What is being asked: Pictures aside, reproduce exactly and only the lines below, starting at the one containing "Hierdie filosofie was" and ending at the last line.

Extracted material:
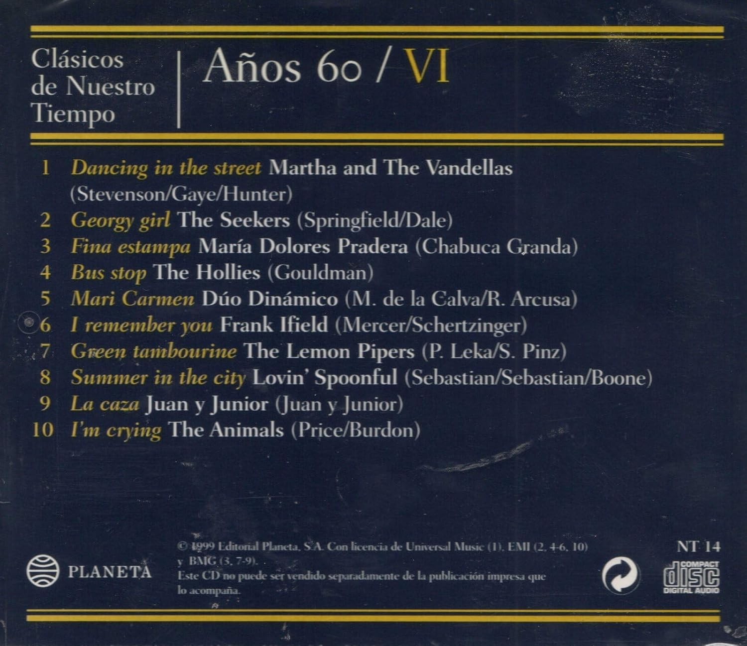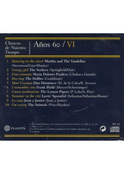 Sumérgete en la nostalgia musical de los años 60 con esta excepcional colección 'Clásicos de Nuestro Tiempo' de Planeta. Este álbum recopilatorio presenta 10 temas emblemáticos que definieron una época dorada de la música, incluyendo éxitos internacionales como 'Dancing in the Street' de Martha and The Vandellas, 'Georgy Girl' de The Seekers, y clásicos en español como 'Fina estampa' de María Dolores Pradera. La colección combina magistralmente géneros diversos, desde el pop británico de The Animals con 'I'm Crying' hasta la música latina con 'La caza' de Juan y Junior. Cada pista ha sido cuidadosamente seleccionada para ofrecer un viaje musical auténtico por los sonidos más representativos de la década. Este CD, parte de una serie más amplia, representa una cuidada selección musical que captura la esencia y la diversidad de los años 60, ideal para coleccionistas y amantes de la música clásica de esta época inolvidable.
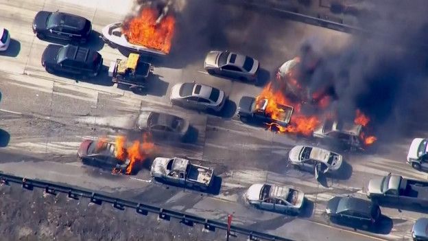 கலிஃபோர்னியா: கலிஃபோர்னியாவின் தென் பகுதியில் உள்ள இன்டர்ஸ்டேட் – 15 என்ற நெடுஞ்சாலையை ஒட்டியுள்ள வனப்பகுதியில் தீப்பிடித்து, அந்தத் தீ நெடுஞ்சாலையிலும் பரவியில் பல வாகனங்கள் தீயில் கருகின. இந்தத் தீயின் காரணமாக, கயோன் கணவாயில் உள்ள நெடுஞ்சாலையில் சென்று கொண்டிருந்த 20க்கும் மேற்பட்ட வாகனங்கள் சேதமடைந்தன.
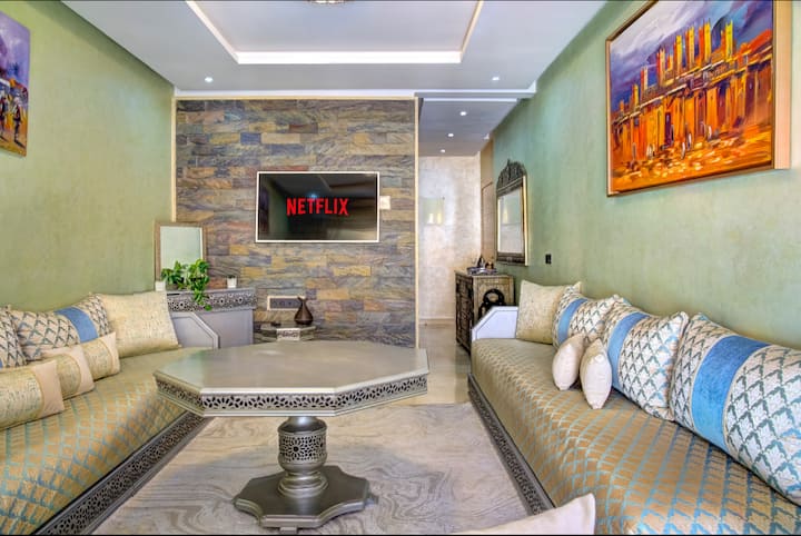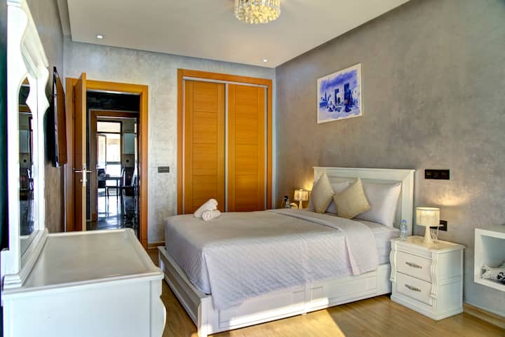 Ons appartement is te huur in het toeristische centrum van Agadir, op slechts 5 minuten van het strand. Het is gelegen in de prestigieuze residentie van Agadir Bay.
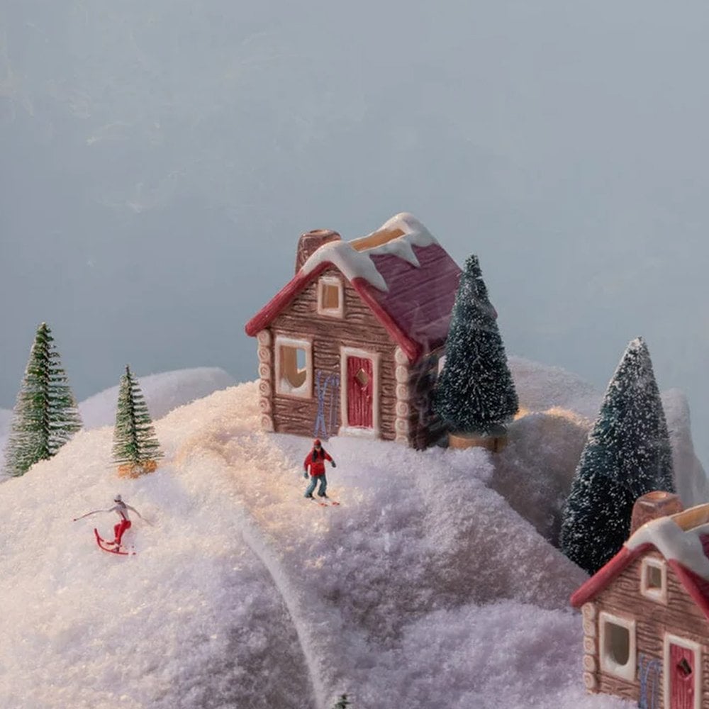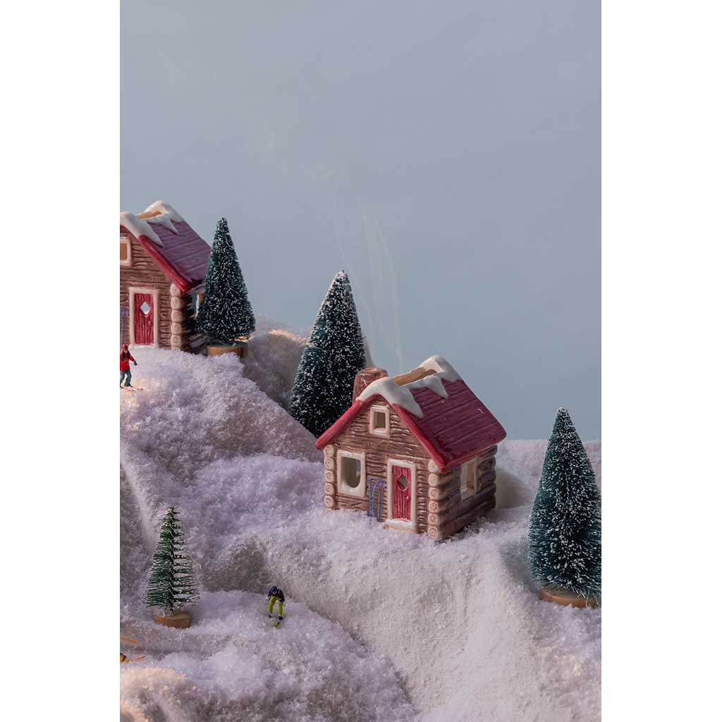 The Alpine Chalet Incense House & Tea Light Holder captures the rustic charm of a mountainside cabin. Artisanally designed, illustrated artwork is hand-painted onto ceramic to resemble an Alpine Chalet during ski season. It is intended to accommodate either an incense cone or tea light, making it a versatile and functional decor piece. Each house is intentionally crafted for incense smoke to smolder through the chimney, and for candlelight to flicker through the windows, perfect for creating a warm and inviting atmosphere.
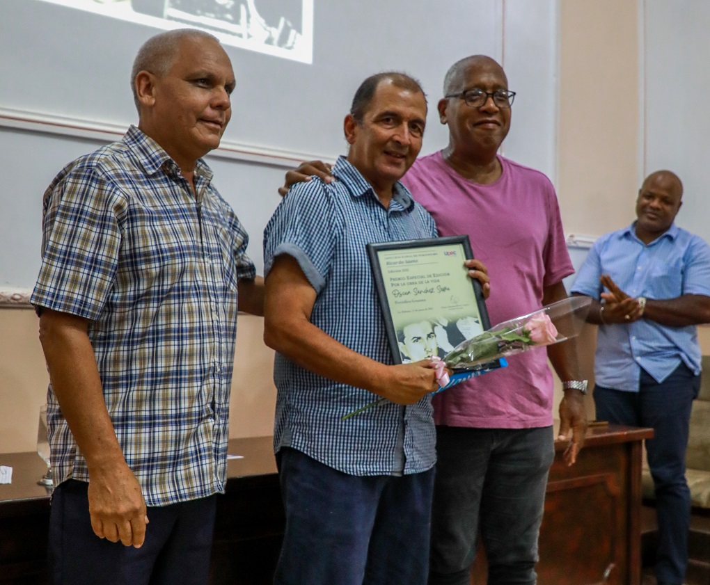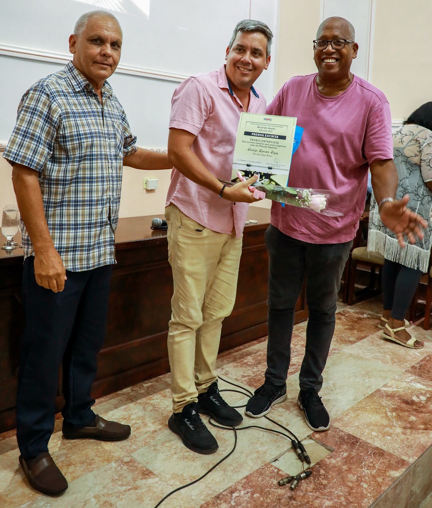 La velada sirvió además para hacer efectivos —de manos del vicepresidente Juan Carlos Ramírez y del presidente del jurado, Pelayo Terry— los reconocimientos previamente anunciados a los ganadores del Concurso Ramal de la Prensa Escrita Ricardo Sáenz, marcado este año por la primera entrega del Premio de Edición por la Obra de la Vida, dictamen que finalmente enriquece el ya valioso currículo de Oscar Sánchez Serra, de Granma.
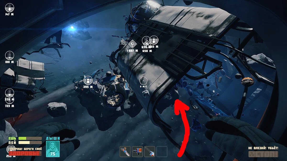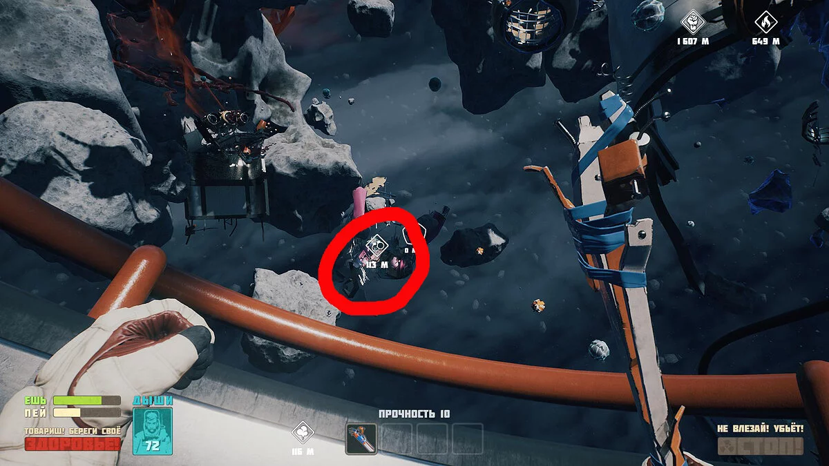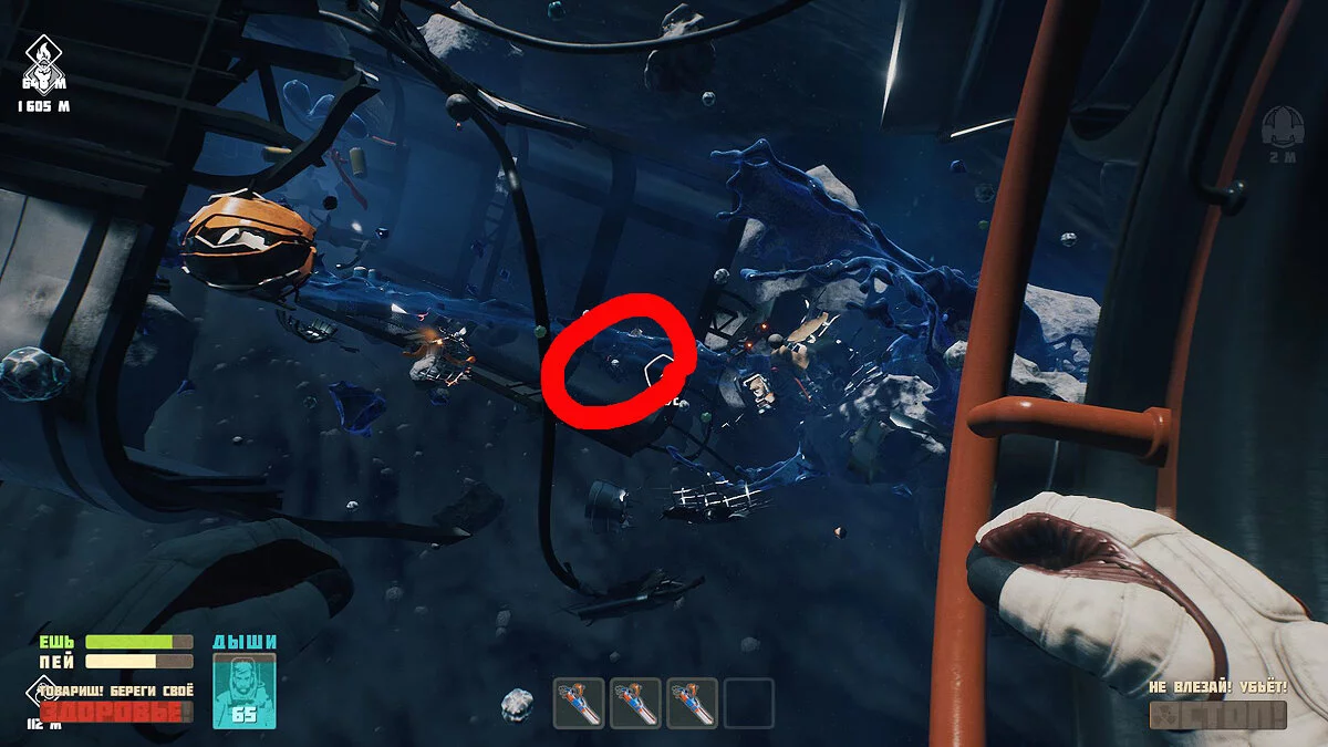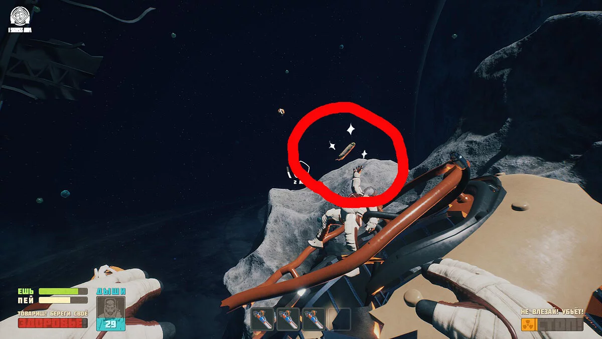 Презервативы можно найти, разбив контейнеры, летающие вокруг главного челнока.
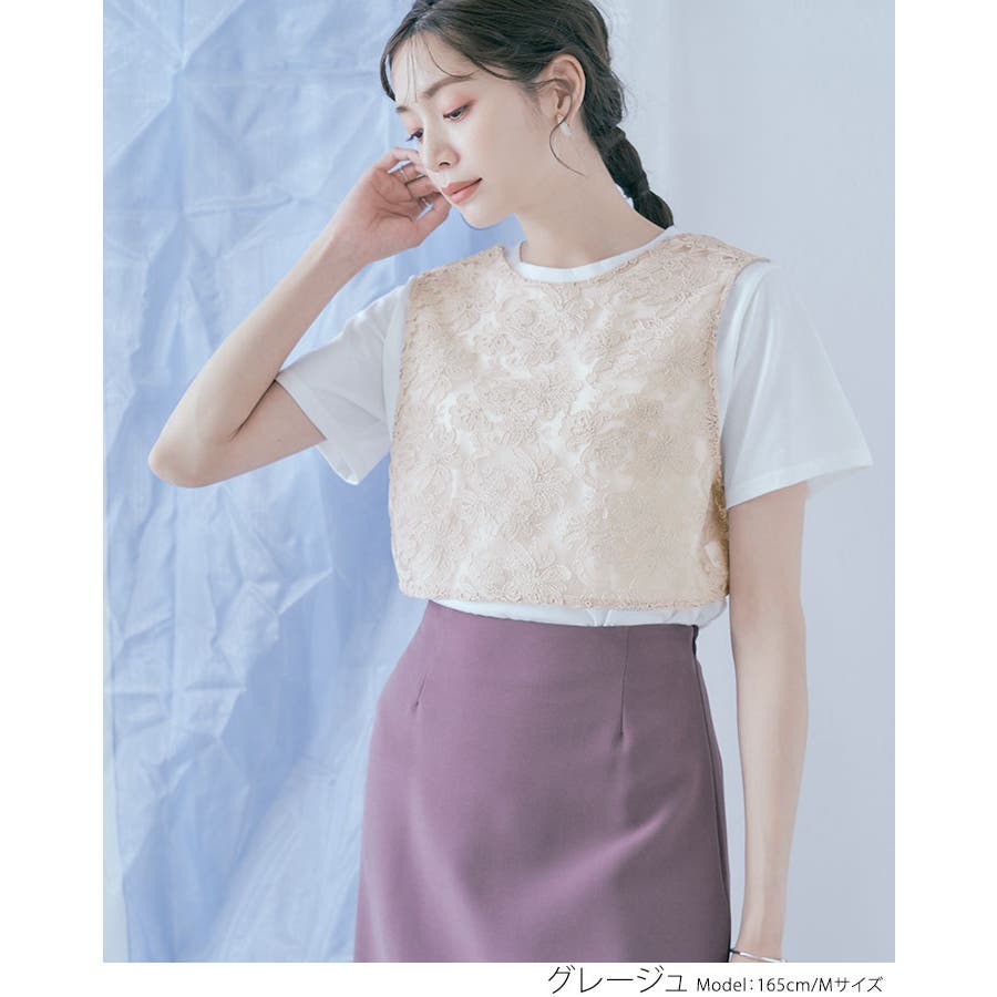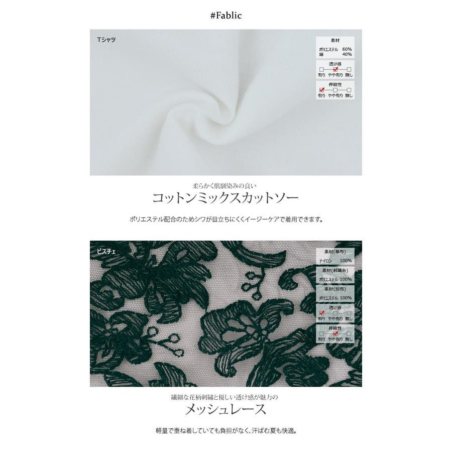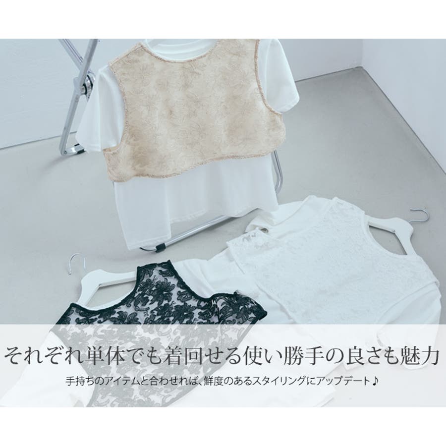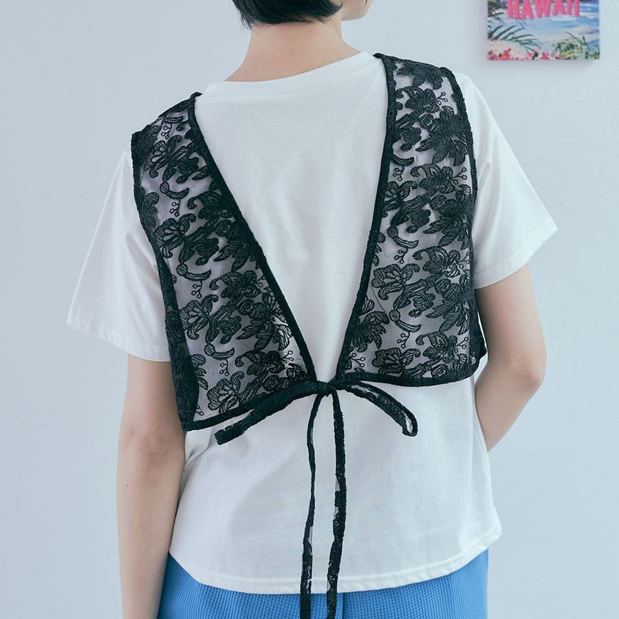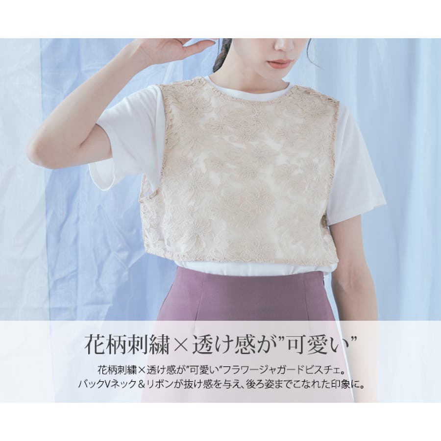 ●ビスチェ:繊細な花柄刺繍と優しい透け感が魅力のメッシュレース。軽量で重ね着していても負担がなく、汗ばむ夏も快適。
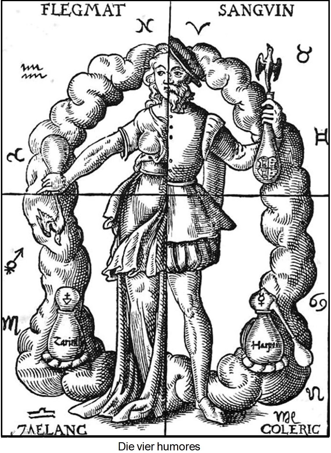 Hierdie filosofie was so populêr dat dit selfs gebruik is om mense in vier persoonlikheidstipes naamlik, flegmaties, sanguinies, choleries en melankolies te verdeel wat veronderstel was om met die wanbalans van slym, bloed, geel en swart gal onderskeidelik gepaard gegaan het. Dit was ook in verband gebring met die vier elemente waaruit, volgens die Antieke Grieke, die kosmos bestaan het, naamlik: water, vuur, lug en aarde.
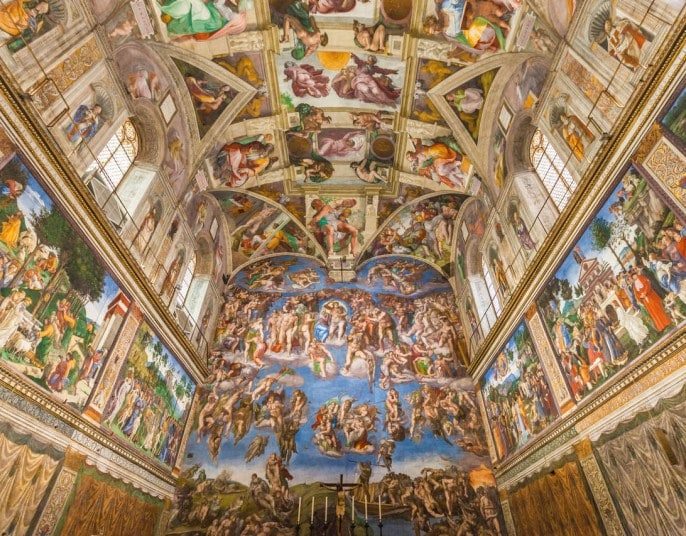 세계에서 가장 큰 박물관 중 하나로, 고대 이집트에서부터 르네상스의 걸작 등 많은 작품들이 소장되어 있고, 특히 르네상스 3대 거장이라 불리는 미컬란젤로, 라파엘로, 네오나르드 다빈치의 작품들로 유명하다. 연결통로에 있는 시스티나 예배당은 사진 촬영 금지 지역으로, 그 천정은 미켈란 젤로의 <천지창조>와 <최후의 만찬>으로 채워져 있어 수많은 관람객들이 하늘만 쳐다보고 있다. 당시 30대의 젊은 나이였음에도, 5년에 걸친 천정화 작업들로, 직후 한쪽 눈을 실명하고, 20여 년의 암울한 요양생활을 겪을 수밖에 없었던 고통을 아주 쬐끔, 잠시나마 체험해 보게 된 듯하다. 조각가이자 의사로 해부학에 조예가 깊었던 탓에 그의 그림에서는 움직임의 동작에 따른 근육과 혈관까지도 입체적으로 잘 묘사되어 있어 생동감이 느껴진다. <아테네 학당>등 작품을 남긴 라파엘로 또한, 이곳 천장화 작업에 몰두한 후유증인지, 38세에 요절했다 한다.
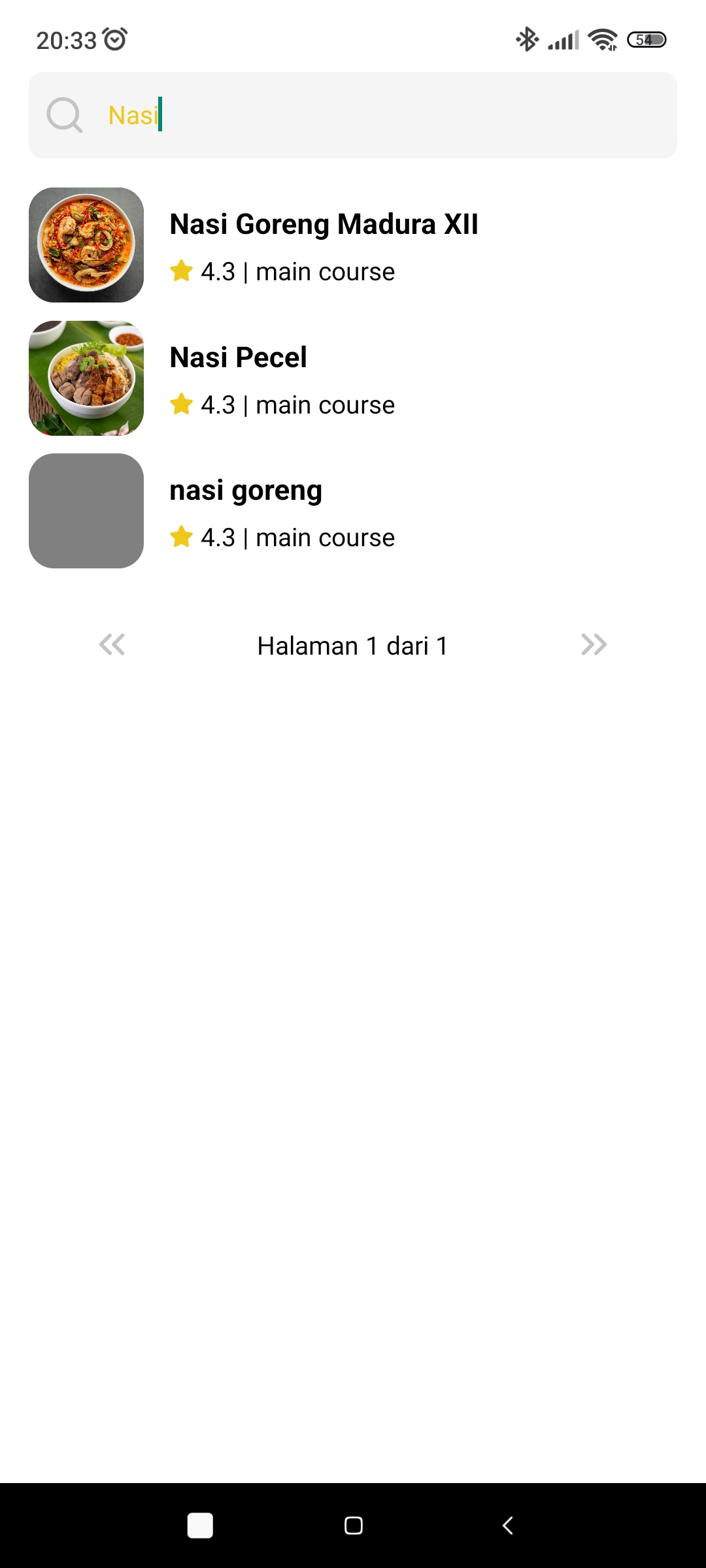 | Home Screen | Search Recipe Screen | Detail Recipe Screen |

Answer section:
 Hierdie filosofie was so populêr dat dit selfs gebruik is om mense in vier persoonlikheidstipes naamlik, flegmaties, sanguinies, choleries en melankolies te verdeel wat veronderstel was om met die wanbalans van slym, bloed, geel en swart gal onderskeidelik gepaard gegaan het. Dit was ook in verband gebring met die vier elemente waaruit, volgens die Antieke Grieke, die kosmos bestaan het, naamlik: water, vuur, lug en aarde.
 세계에서 가장 큰 박물관 중 하나로, 고대 이집트에서부터 르네상스의 걸작 등 많은 작품들이 소장되어 있고, 특히 르네상스 3대 거장이라 불리는 미컬란젤로, 라파엘로, 네오나르드 다빈치의 작품들로 유명하다. 연결통로에 있는 시스티나 예배당은 사진 촬영 금지 지역으로, 그 천정은 미켈란 젤로의 <천지창조>와 <최후의 만찬>으로 채워져 있어 수많은 관람객들이 하늘만 쳐다보고 있다. 당시 30대의 젊은 나이였음에도, 5년에 걸친 천정화 작업들로, 직후 한쪽 눈을 실명하고, 20여 년의 암울한 요양생활을 겪을 수밖에 없었던 고통을 아주 쬐끔, 잠시나마 체험해 보게 된 듯하다. 조각가이자 의사로 해부학에 조예가 깊었던 탓에 그의 그림에서는 움직임의 동작에 따른 근육과 혈관까지도 입체적으로 잘 묘사되어 있어 생동감이 느껴진다. <아테네 학당>등 작품을 남긴 라파엘로 또한, 이곳 천장화 작업에 몰두한 후유증인지, 38세에 요절했다 한다.
 | Home Screen | Search Recipe Screen | Detail Recipe Screen |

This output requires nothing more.